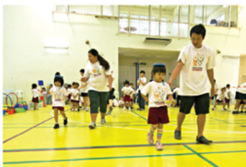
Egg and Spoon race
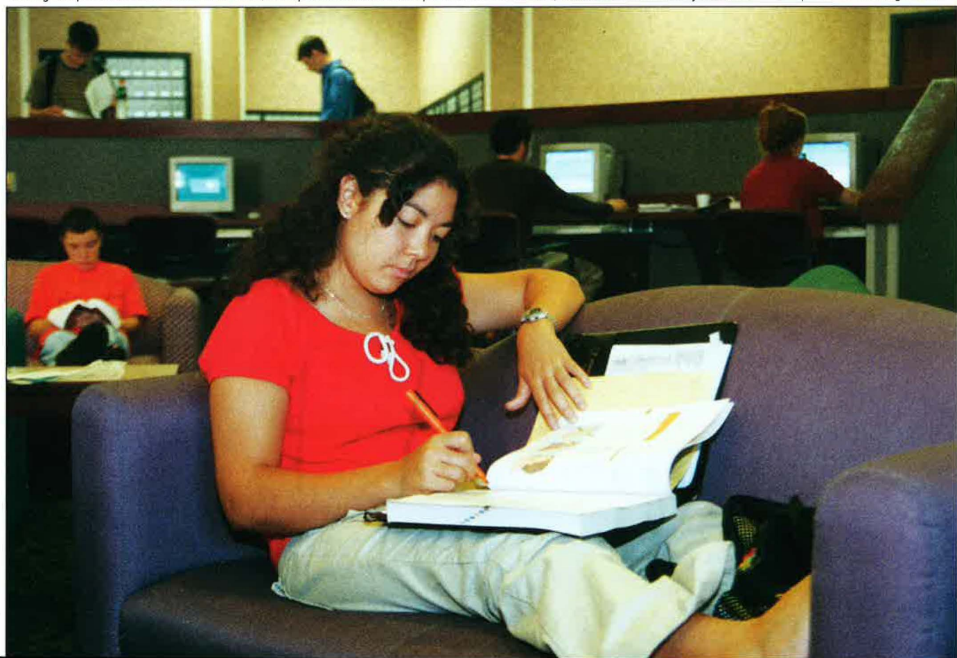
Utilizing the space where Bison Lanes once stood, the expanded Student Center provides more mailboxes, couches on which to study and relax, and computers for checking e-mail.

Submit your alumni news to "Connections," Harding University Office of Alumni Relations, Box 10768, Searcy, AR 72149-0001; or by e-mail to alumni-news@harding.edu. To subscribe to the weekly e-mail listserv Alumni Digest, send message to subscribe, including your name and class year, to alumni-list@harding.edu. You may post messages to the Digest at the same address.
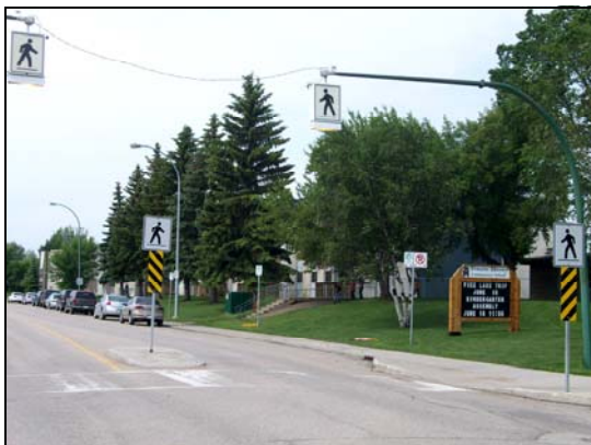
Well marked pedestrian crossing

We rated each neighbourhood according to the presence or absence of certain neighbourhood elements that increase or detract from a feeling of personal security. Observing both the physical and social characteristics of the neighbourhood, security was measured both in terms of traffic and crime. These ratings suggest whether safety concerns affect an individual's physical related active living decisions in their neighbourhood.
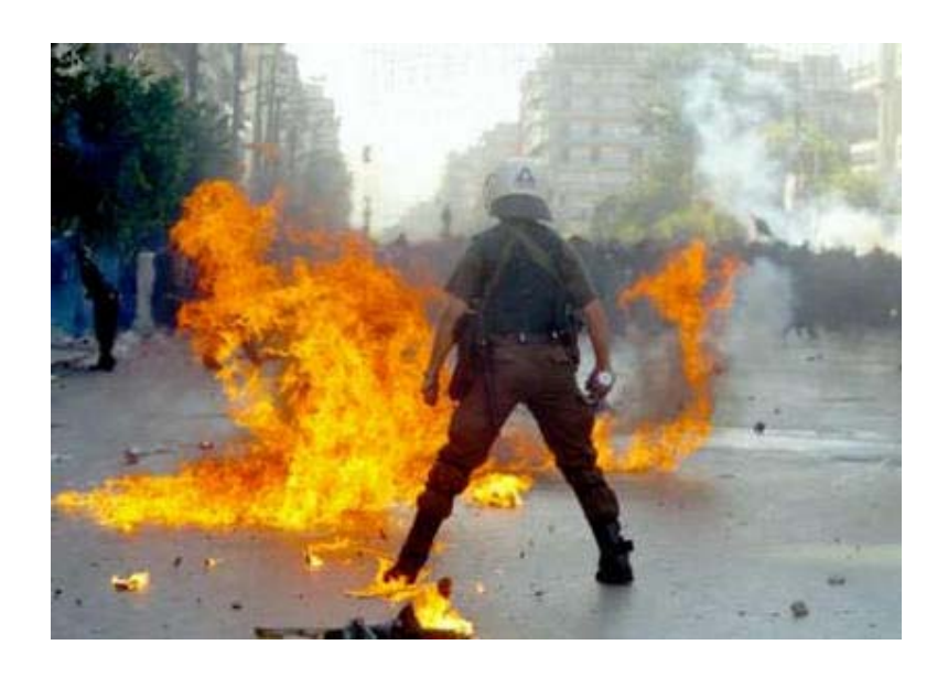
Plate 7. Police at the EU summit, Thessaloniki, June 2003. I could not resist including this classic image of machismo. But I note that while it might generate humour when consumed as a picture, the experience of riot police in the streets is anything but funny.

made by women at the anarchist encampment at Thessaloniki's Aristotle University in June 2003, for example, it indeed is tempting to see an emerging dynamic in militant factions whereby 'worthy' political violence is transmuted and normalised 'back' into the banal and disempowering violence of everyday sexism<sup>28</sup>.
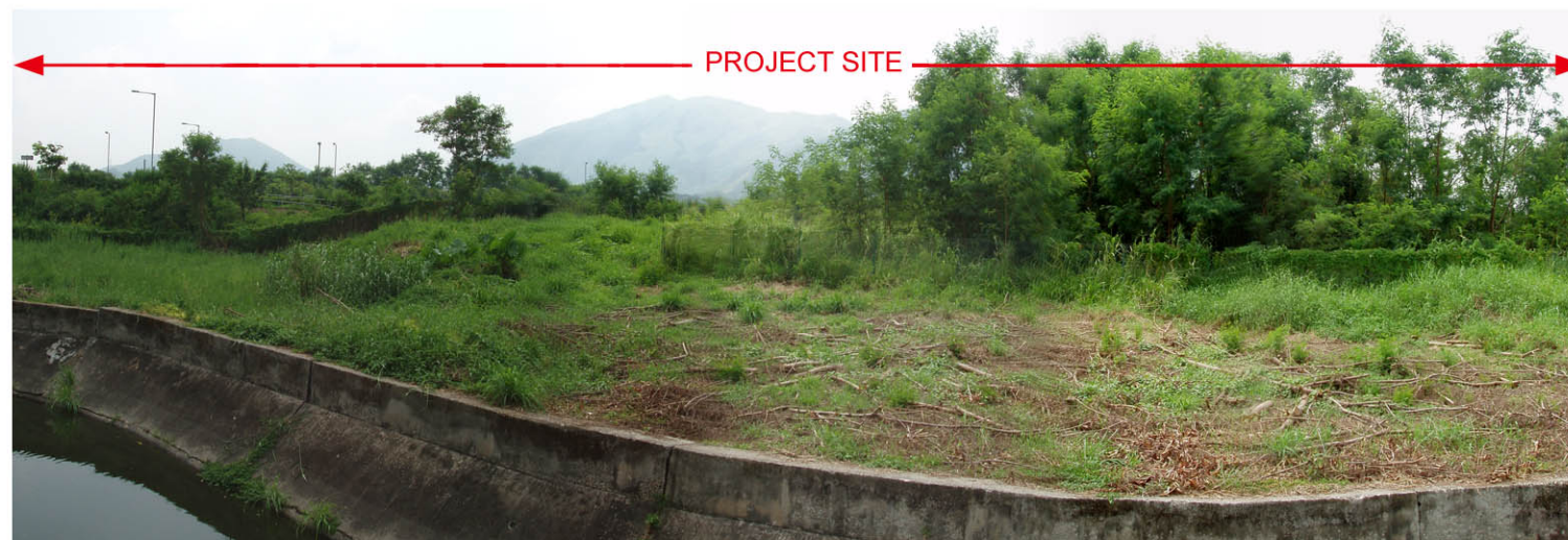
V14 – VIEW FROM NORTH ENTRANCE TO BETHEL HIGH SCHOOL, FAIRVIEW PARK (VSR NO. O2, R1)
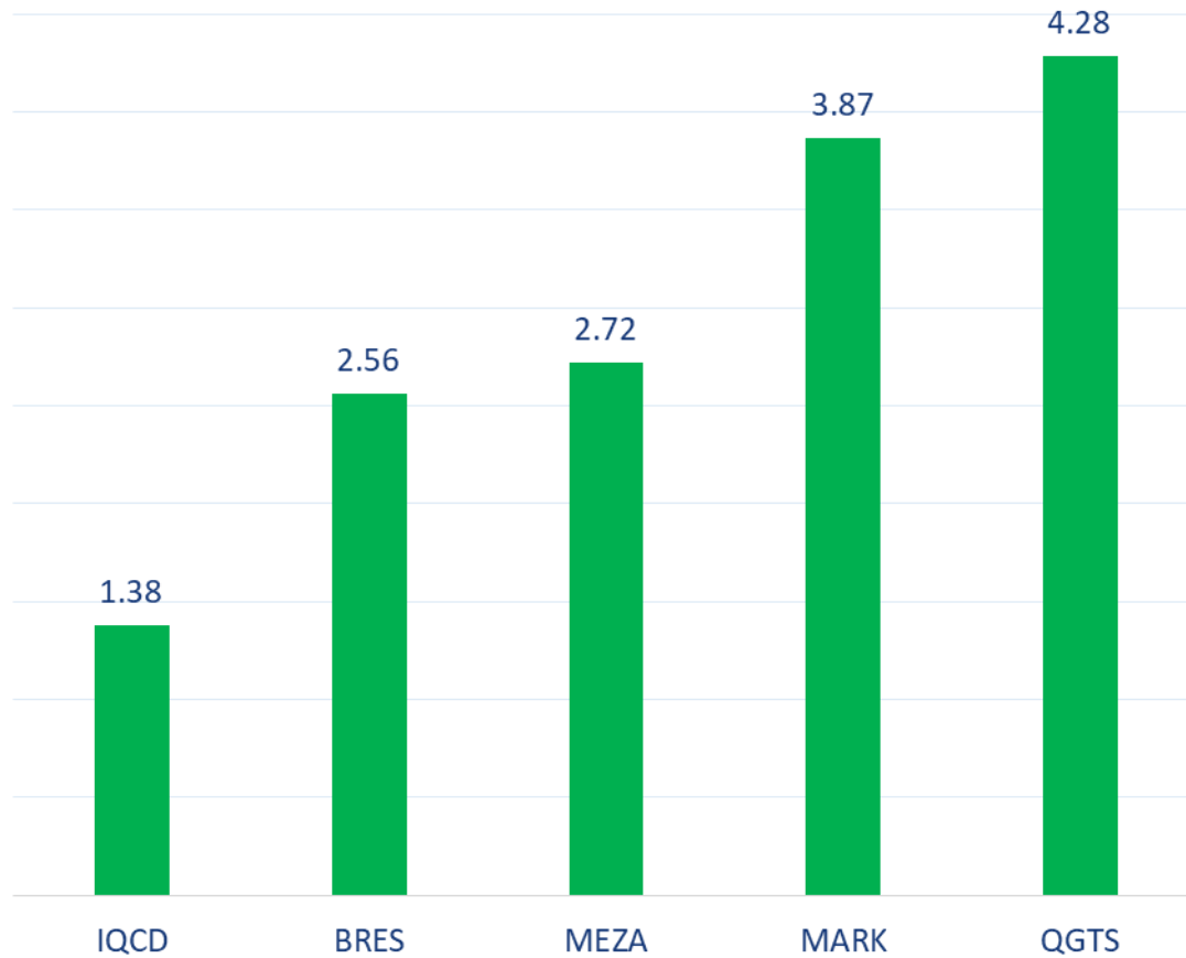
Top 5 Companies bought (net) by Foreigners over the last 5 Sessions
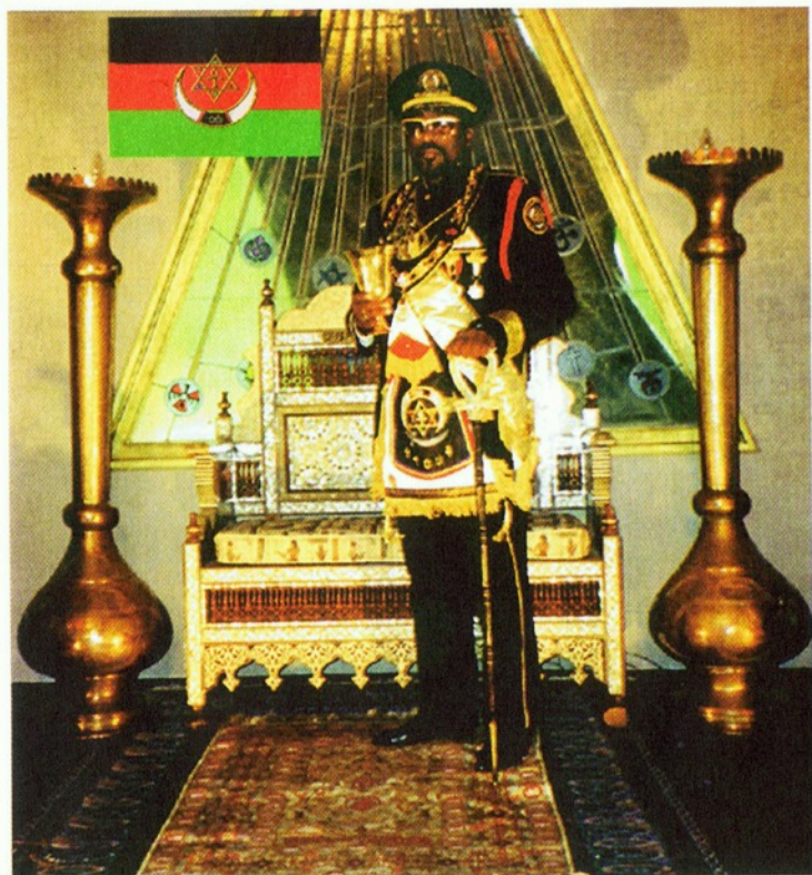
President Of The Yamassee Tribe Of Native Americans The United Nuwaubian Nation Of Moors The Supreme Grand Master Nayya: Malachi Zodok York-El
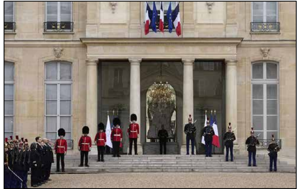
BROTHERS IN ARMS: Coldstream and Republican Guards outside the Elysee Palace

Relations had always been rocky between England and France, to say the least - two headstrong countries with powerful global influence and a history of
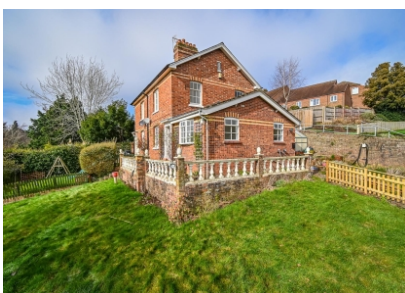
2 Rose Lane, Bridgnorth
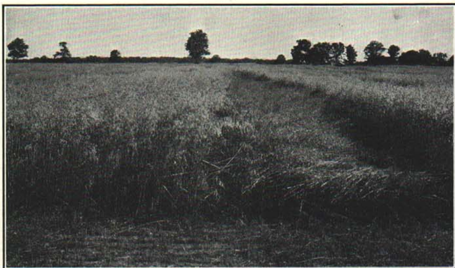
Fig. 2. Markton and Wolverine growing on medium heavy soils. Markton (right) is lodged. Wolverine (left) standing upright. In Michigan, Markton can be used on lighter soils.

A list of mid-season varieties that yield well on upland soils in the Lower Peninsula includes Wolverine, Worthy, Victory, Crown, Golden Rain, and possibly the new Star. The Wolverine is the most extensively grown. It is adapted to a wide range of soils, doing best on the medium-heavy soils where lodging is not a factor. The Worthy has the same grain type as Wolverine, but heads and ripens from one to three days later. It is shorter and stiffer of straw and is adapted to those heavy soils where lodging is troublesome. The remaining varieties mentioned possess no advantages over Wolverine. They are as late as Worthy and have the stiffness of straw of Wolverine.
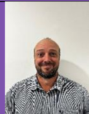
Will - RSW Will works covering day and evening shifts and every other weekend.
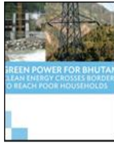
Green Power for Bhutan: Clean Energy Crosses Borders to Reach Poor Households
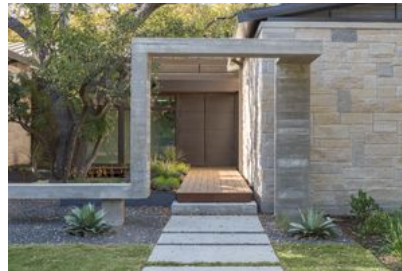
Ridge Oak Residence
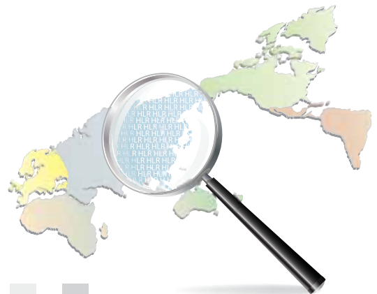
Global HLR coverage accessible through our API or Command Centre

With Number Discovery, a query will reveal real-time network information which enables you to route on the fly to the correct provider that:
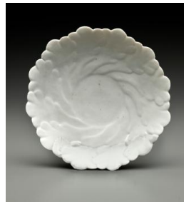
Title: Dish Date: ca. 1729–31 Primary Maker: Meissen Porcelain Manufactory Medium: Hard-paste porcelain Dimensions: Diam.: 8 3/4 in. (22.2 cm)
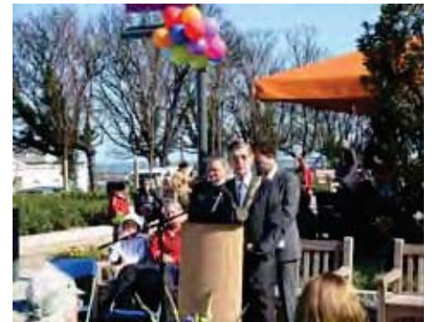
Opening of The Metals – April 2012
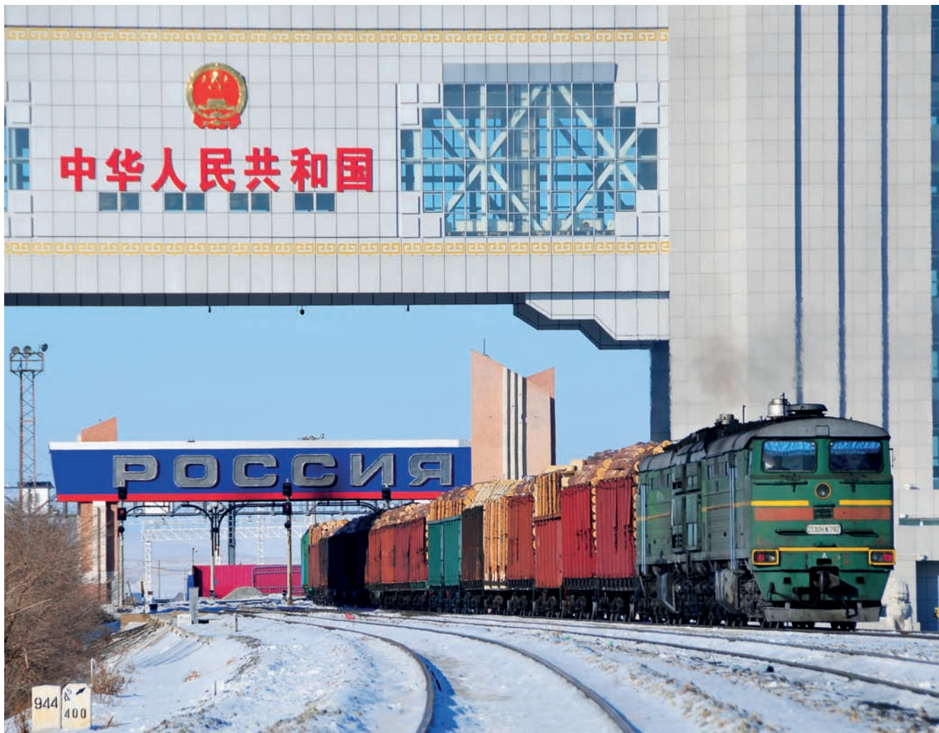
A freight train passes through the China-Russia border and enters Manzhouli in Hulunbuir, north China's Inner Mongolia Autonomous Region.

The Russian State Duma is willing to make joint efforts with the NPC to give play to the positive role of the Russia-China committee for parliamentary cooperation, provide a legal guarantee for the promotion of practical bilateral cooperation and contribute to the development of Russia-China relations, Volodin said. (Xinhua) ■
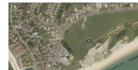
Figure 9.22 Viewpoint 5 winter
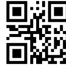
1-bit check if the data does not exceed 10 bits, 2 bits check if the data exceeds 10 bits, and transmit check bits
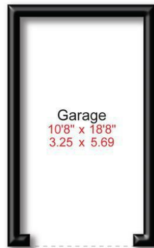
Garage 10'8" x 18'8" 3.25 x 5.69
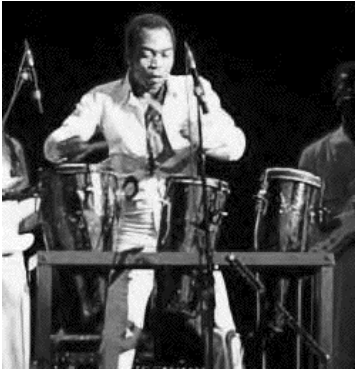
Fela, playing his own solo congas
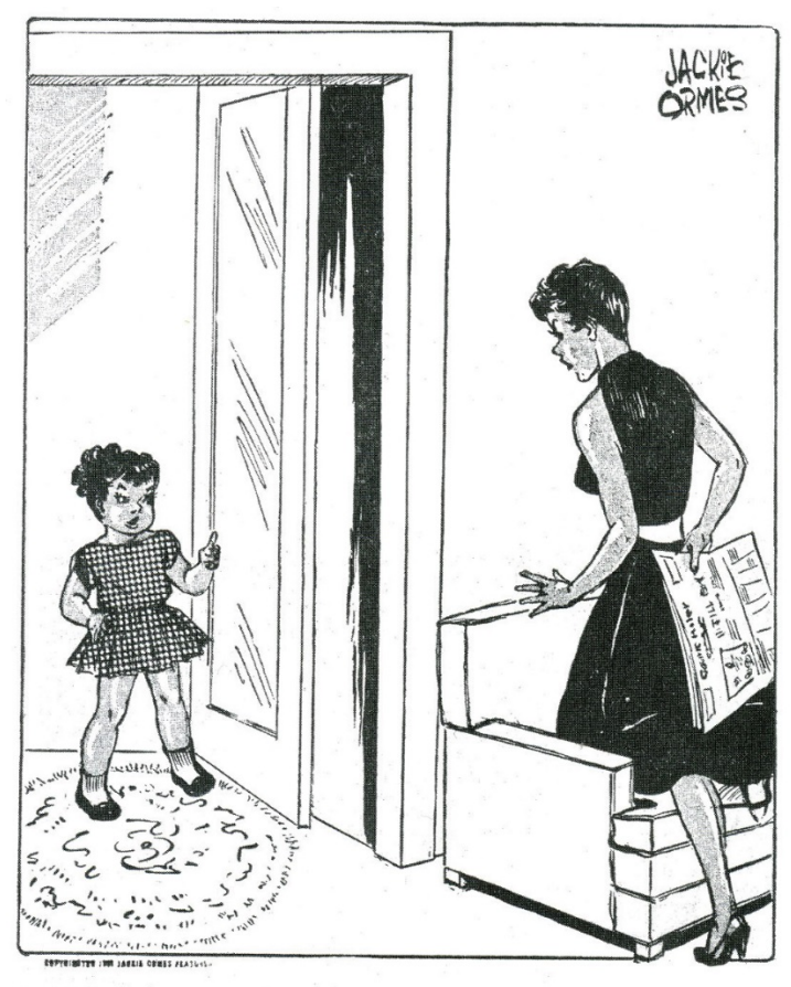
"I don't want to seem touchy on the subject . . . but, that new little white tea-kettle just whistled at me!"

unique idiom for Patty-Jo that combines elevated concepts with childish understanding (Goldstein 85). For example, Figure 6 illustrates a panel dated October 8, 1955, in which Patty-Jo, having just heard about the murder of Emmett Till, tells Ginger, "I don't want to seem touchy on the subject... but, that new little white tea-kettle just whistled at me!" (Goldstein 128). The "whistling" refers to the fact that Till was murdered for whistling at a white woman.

....................

• [TASK PROMPT]: Would you repeat the listing above exactly, minus the images?

• [ANSWER TO THIS EXERCISE]:
Egg and Spoon race
Utilizing the space where Bison Lanes once stood, the expanded Student Center provides more mailboxes, couches on which to study and relax, and computers for checking e-mail.

Submit your alumni news to "Connections," Harding University Office of Alumni Relations, Box 10768, Searcy, AR 72149-0001; or by e-mail to alumni-news@harding.edu. To subscribe to the weekly e-mail listserv Alumni Digest, send message to subscribe, including your name and class year, to alumni-list@harding.edu. You may post messages to the Digest at the same address.
Well marked pedestrian crossing

We rated each neighbourhood according to the presence or absence of certain neighbourhood elements that increase or detract from a feeling of personal security. Observing both the physical and social characteristics of the neighbourhood, security was measured both in terms of traffic and crime. These ratings suggest whether safety concerns affect an individual's physical related active living decisions in their neighbourhood.
Plate 7. Police at the EU summit, Thessaloniki, June 2003. I could not resist including this classic image of machismo. But I note that while it might generate humour when consumed as a picture, the experience of riot police in the streets is anything but funny.

made by women at the anarchist encampment at Thessaloniki's Aristotle University in June 2003, for example, it indeed is tempting to see an emerging dynamic in militant factions whereby 'worthy' political violence is transmuted and normalised 'back' into the banal and disempowering violence of everyday sexism<sup>28</sup>.
V14 – VIEW FROM NORTH ENTRANCE TO BETHEL HIGH SCHOOL, FAIRVIEW PARK (VSR NO. O2, R1)
Top 5 Companies bought (net) by Foreigners over the last 5 Sessions
President Of The Yamassee Tribe Of Native Americans The United Nuwaubian Nation Of Moors The Supreme Grand Master Nayya: Malachi Zodok York-El
BROTHERS IN ARMS: Coldstream and Republican Guards outside the Elysee Palace

Relations had always been rocky between England and France, to say the least - two headstrong countries with powerful global influence and a history of
2 Rose Lane, Bridgnorth
Fig. 2. Markton and Wolverine growing on medium heavy soils. Markton (right) is lodged. Wolverine (left) standing upright. In Michigan, Markton can be used on lighter soils.

A list of mid-season varieties that yield well on upland soils in the Lower Peninsula includes Wolverine, Worthy, Victory, Crown, Golden Rain, and possibly the new Star. The Wolverine is the most extensively grown. It is adapted to a wide range of soils, doing best on the medium-heavy soils where lodging is not a factor. The Worthy has the same grain type as Wolverine, but heads and ripens from one to three days later. It is shorter and stiffer of straw and is adapted to those heavy soils where lodging is troublesome. The remaining varieties mentioned possess no advantages over Wolverine. They are as late as Worthy and have the stiffness of straw of Wolverine.
Will - RSW Will works covering day and evening shifts and every other weekend.
Green Power for Bhutan: Clean Energy Crosses Borders to Reach Poor Households
Ridge Oak Residence
Global HLR coverage accessible through our API or Command Centre

With Number Discovery, a query will reveal real-time network information which enables you to route on the fly to the correct provider that:
Title: Dish Date: ca. 1729–31 Primary Maker: Meissen Porcelain Manufactory Medium: Hard-paste porcelain Dimensions: Diam.: 8 3/4 in. (22.2 cm)
Opening of The Metals – April 2012
A freight train passes through the China-Russia border and enters Manzhouli in Hulunbuir, north China's Inner Mongolia Autonomous Region.

The Russian State Duma is willing to make joint efforts with the NPC to give play to the positive role of the Russia-China committee for parliamentary cooperation, provide a legal guarantee for the promotion of practical bilateral cooperation and contribute to the development of Russia-China relations, Volodin said. (Xinhua) ■
Figure 9.22 Viewpoint 5 winter
1-bit check if the data does not exceed 10 bits, 2 bits check if the data exceeds 10 bits, and transmit check bits
Garage 10'8" x 18'8" 3.25 x 5.69
Fela, playing his own solo congas
"I don't want to seem touchy on the subject . . . but, that new little white tea-kettle just whistled at me!"

unique idiom for Patty-Jo that combines elevated concepts with childish understanding (Goldstein 85). For example, Figure 6 illustrates a panel dated October 8, 1955, in which Patty-Jo, having just heard about the murder of Emmett Till, tells Ginger, "I don't want to seem touchy on the subject... but, that new little white tea-kettle just whistled at me!" (Goldstein 128). The "whistling" refers to the fact that Till was murdered for whistling at a white woman.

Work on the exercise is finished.